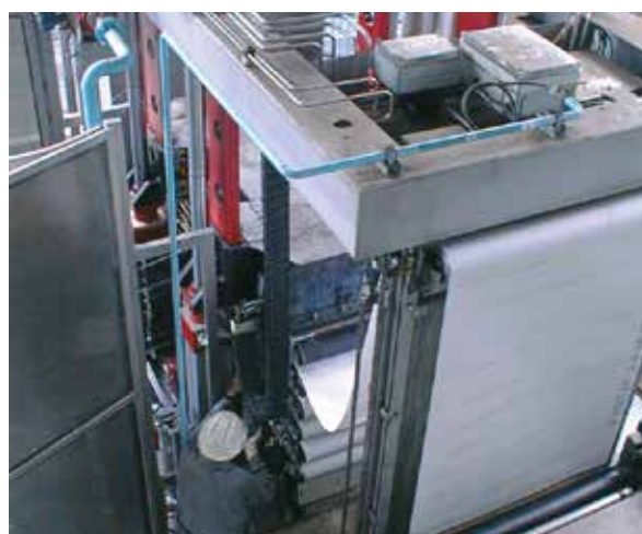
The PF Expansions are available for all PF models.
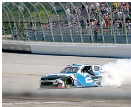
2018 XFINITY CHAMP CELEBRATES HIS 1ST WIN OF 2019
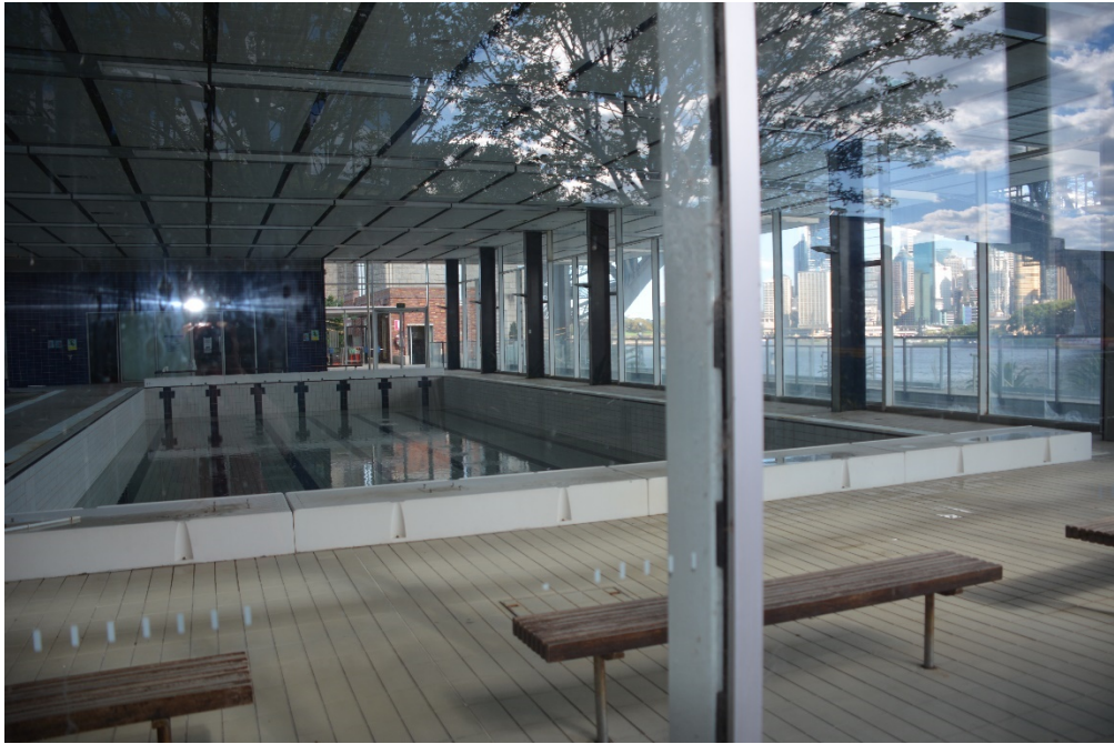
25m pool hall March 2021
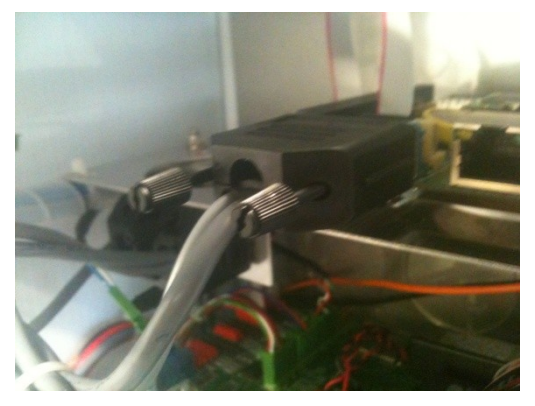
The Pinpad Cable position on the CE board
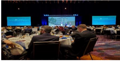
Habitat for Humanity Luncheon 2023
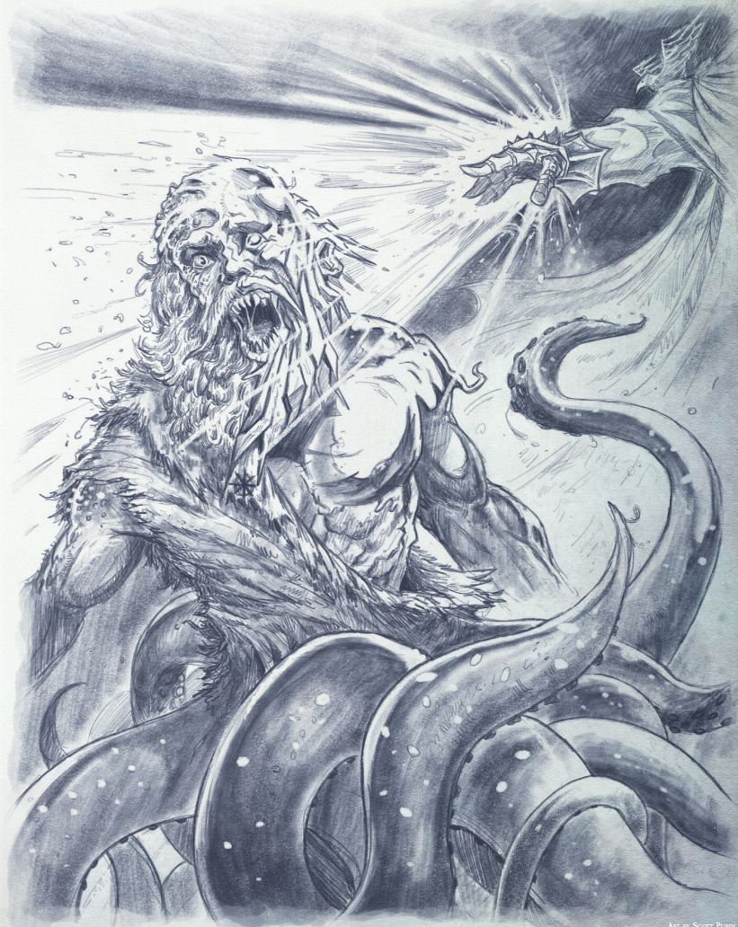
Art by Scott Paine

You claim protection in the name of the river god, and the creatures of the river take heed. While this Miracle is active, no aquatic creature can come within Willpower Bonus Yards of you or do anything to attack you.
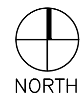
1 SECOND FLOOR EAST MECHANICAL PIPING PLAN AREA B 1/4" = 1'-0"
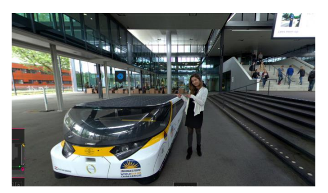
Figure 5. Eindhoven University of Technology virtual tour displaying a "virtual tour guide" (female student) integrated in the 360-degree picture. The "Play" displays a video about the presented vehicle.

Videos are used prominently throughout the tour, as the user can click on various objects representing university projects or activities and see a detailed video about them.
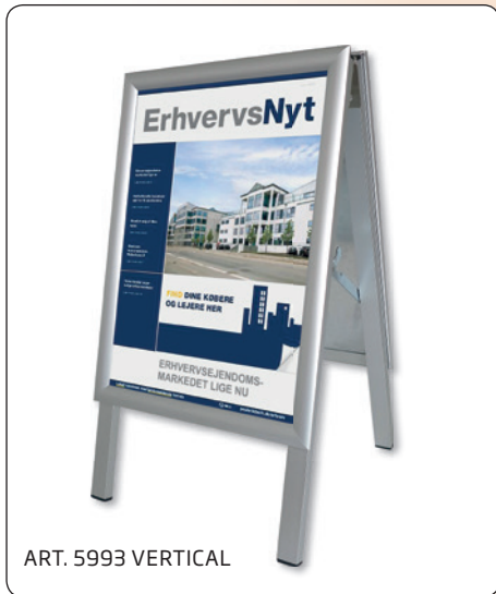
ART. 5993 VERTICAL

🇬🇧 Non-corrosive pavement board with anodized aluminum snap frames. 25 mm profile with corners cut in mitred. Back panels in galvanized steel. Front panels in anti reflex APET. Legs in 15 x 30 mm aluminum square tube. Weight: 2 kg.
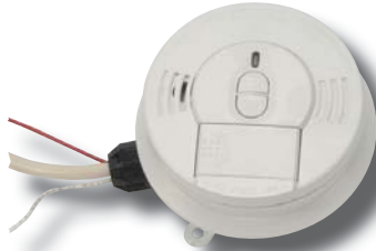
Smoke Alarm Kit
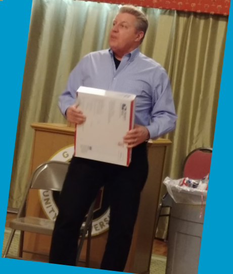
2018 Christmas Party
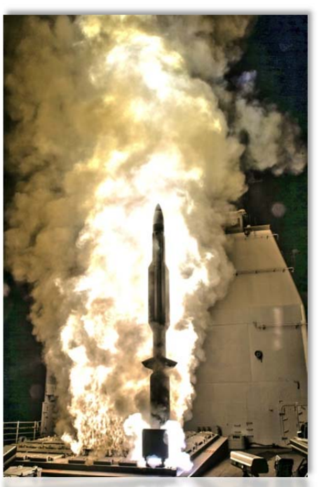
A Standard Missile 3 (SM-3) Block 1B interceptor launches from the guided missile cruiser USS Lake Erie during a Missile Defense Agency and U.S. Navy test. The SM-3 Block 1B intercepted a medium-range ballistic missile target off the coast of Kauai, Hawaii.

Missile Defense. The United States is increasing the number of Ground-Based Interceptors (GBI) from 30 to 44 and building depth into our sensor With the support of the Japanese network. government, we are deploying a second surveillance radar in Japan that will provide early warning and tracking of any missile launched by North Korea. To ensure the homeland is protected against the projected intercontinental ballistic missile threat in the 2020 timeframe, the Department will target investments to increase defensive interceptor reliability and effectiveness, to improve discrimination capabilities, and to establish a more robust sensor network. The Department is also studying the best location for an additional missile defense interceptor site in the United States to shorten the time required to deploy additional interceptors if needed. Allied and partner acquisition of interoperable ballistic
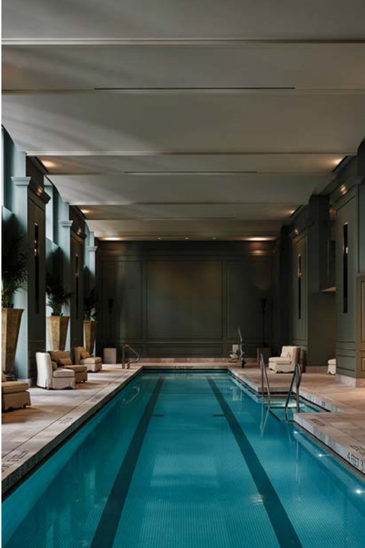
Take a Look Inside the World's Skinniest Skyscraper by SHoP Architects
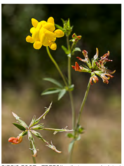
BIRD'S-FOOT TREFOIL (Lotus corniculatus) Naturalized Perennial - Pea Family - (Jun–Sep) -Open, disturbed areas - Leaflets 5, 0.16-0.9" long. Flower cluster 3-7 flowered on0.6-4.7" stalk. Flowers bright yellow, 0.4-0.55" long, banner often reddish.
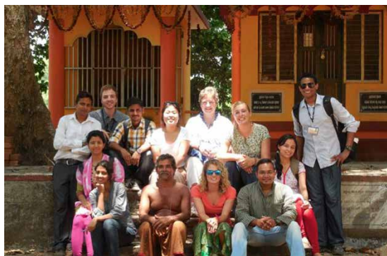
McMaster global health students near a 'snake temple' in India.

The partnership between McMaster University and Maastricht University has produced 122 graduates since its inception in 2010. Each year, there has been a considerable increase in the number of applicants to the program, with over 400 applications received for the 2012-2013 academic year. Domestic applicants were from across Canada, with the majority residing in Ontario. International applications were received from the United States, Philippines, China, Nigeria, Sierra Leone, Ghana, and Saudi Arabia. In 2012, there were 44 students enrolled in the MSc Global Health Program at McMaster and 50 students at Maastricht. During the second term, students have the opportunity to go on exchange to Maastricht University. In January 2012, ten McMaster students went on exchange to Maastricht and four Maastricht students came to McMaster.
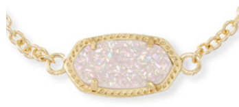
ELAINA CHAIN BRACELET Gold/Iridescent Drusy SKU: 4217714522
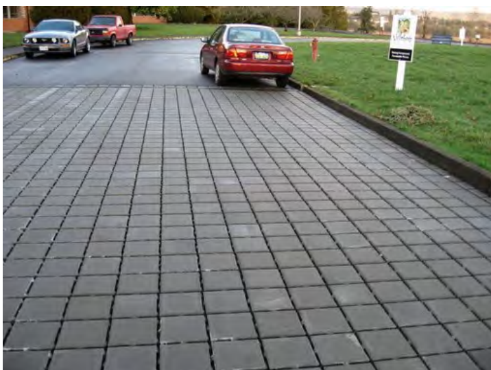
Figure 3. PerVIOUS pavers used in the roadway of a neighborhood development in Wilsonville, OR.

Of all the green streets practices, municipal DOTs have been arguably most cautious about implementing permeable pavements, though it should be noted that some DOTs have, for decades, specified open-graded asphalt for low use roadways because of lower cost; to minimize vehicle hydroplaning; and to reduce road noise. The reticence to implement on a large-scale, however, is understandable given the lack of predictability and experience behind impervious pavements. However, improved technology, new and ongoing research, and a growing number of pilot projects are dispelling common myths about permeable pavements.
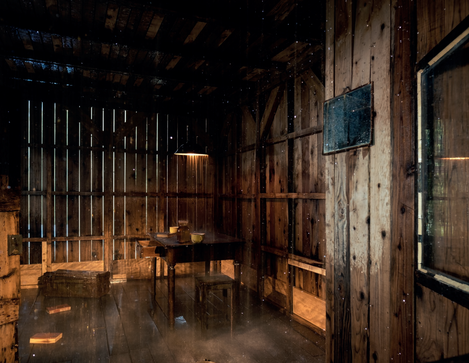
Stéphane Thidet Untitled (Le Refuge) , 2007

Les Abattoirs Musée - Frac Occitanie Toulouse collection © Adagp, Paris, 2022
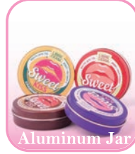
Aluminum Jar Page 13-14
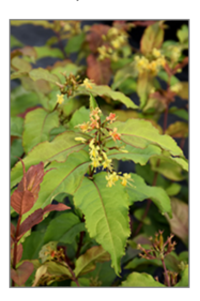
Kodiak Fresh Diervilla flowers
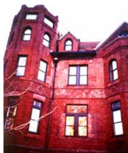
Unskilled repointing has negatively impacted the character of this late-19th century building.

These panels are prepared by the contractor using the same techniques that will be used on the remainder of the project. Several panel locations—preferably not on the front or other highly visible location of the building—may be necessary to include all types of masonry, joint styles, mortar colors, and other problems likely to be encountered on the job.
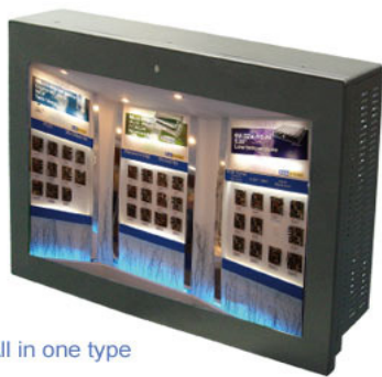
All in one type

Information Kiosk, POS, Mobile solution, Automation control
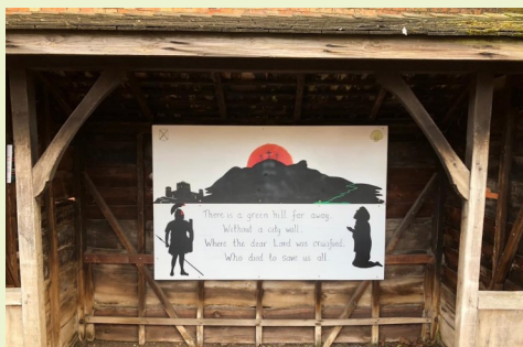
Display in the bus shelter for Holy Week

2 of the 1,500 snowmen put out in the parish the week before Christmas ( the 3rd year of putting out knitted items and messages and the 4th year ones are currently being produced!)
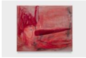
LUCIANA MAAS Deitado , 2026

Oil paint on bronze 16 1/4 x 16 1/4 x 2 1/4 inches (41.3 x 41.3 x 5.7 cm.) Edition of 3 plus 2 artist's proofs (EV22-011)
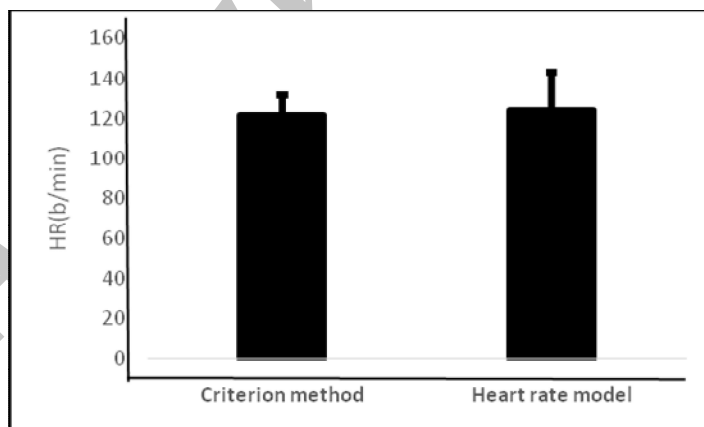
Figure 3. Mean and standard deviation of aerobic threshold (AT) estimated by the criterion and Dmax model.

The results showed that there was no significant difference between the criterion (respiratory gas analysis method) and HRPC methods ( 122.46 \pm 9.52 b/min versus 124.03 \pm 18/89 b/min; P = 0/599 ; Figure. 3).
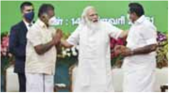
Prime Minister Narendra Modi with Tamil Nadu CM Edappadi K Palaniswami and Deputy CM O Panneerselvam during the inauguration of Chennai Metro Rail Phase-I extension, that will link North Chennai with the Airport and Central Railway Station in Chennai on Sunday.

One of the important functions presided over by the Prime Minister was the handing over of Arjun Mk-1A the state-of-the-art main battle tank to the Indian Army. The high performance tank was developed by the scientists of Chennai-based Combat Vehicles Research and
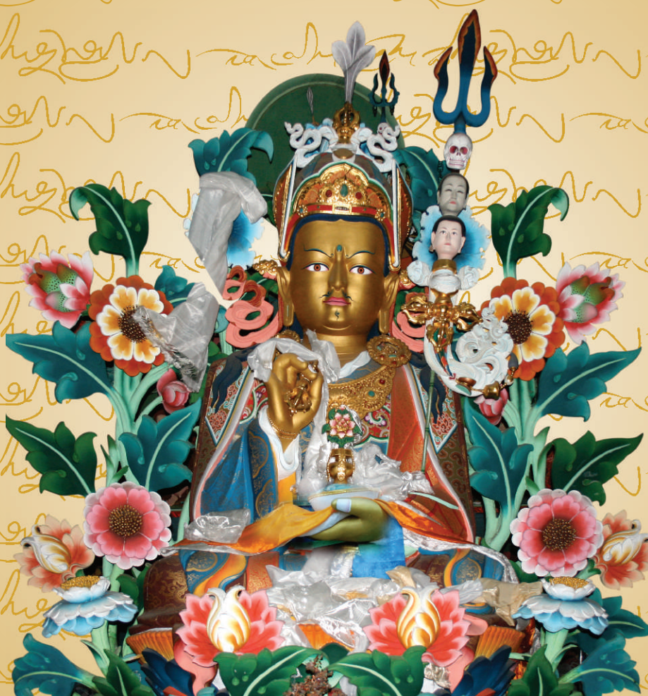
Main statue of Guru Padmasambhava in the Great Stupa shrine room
-*-
• _Task statement_:
Write out every line of the data that holds the word "McMaster".

• _Final answer_:
McMaster global health students near a 'snake temple' in India.
The partnership between McMaster University and Maastricht University has produced 122 graduates since its inception in 2010. Each year, there has been a considerable increase in the number of applicants to the program, with over 400 applications received for the 2012-2013 academic year. Domestic applicants were from across Canada, with the majority residing in Ontario. International applications were received from the United States, Philippines, China, Nigeria, Sierra Leone, Ghana, and Saudi Arabia. In 2012, there were 44 students enrolled in the MSc Global Health Program at McMaster and 50 students at Maastricht. During the second term, students have the opportunity to go on exchange to Maastricht University. In January 2012, ten McMaster students went on exchange to Maastricht and four Maastricht students came to McMaster.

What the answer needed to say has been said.